Chilton’s Kurscheidt taking nothing for granted

By | April 16, 2010

Distance runner Cody Kurscheidt knows what he wants from his senior track and field season. In addition to helping the Tigers win a sixth consecutive Olympian Conference championship, the Chilton High School standout has set individual goals.

“In the two-mile (3200 meters), I want to break 9:40 and place in the top six at state,” he said. “I want to get a state medal. In the mile (1600 meters), I would just be satisfied to qualify for state.”

Last year, Kurscheidt placed eighth at state in Division 2 in the 3200 meters. He was also a member of Chilton’s 4 x 800 meter relay team, which finished seventh at the state meet in La Crosse. During the 2010 indoor season, Kurscheidt captured gold in the 3200 meters in Division 2 at the Oshkosh High School Indoor Invitational. Last Saturday, he placed 15th out of a field of 69 in the 1600 meters at the state indoor meet in Whitewater.


Cody Kurscheidt, a standout runner at Chilton High School, eyes a state medal in the 3200 meters this season. He finished eighth at state in 2009. (Rick Evans photo)

Kurscheidt has also excelled in cross country, qualifying for state three times. He won a sectional cross country championship last fall and placed 17th in Division 2 at the 2009 WIAA state meet. Hard work and dedication have paid off.

“I take a week off after each season and then I’m back running 40 miles per week,” he said. “You can definitely tell a difference after that week off. Then you get back into it and it just becomes part of your daily schedule.”

Kurscheidt’s passion for running began at an early age.

“I had excessive energy as my mom would say,” he said. “I live out in the country. She would say to me, ‘Run down to the stop sign and back.’ When we did the mile in middle school, I thought to myself, ‘Hey, I’m not bad at running,’ so I did cross country and track. I’m addicted to it. I definitely enjoy it.”

Kurscheidt, who lists snowboarding among his other pastimes, appreciates running more now than ever. A frightening incident last summer changed him, he said.

While on a July fishing trip with relatives in Northern Ontario, Canada, a tornado struck the cabin where they were staying.

“My uncle went out fishing, while I went out for a run,” said Kurscheidt. “When my uncle came back in, my brother (Kyle) and I helped him dock the boat. The wind picked up and I remember the waves hitting the dock pretty hard. We got back to the cabin and set his gear down. My uncle yelled out, ‘Hey you guys have to see this.’ Trees and stuff were flying everywhere. You could see it swirling.

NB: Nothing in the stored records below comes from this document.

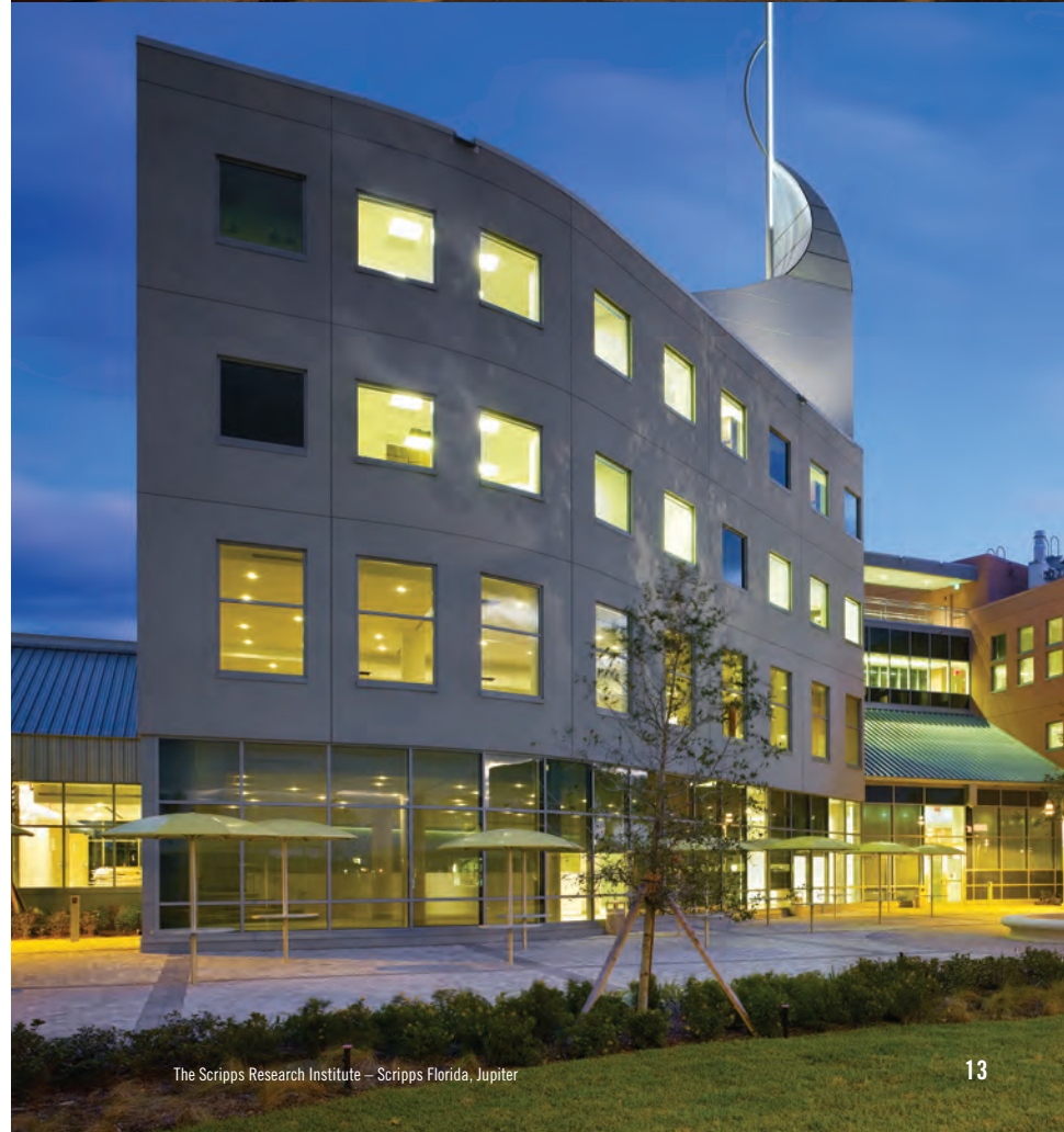
The Scripps Research Institute – Scripps Florida, Jupiter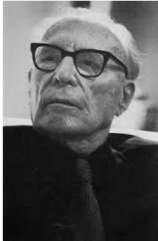
Karl August Wittfogel

Schwartz's challenge to a generic "totalitarian model," applicable to Communist and fascist regimes alike, elicited dissent from its defenders. 10 The most acerbic was a series of diatribes penned by Karl August Wittfogel, a former German Communist who had fled Hitler's Third Reich to become a vocal critic of Communism in both the Soviet Union and China. A professor of Chinese history at the University of Washington, Wittfogel had gained notoriety in the field by accusing fellow Sinologist Owen Lattimore of Communist sympathies at the McCarran hearings on the "loss" of China. 11 In Wittfogel's view, Chinese Communism was a carbon copy of Russian Communism. He rejected the notion that Mao Zedong had been an innovator in any sense of the word; every strategic move and ideological justification that marked the Chinese revolutionary experience, he insisted, could already be found full-blown in Leninism. For Wittfogel, Chinese Communist doctrine did "not exhibit any originality, 'Maoist' or otherwise." 12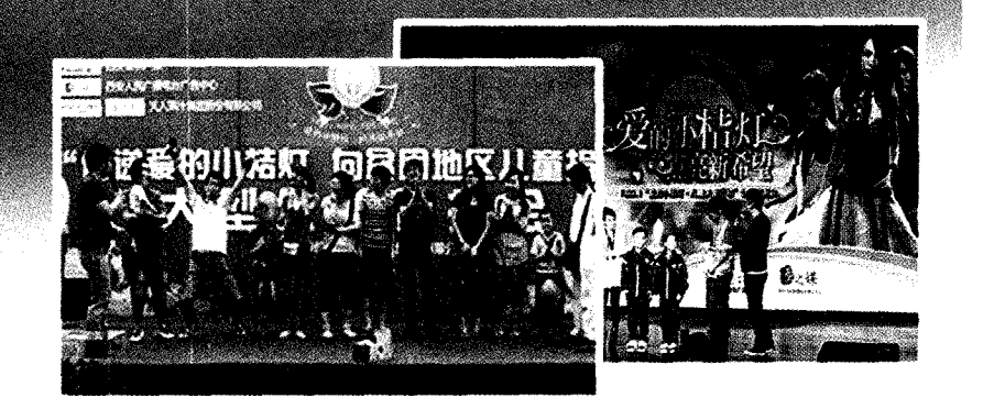
SkyPeople Fruit Juice is one of the sponsors and allied members for public welfare activity "Little Orange Lamp. Child Care Campaign."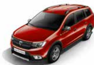
Cinder Red (B76)

“A gust of wind caught us,” he added. “The first instinct was to get to the bathroom. It’s funny, in elementary school, you are taught bathroom or basement. You never think it’s going to happen. We got to the bathroom and we’re picked up. We levitated for a second or two. It was the weirdest feeling. Everything got ripped apart.”

Kurscheidt estimates that he landed 30 yards from his original location. He escaped with a bruised and swollen leg from hitting a railroad tie. Kyle’s injuries required stitches near his eye and on the back of his neck.

“(The tornado) is what really connected me with my faith more,” said Kurscheidt. “When we got back from the hospital, we found a Bible. That was the one thing that was left and we never saw it in the cabin before then. I’m not sure where it came from.”

Kurscheidt is active in the youth group, Jesus and Company, at Good Shepherd Parish in Chilton. He said that he enjoys group meetings and working at the breakfasts and dinners the teens offer. Participating in the group has also brought him luck on the track, he said.

“When I have a big race, when I know I’m going to be racing someone tough, I have my Jesus and Company shirt on,” he said. “That’s my lucky shirt. It has to work or I wouldn’t keep doing it.”

Next year, Kurscheidt will run at UW-Parkside in Kenosha, where he plans to study pre-medicine. He said that it’s hard to believe this is his final high school track season. Kurscheidt has embraced a leadership role for the Tigers.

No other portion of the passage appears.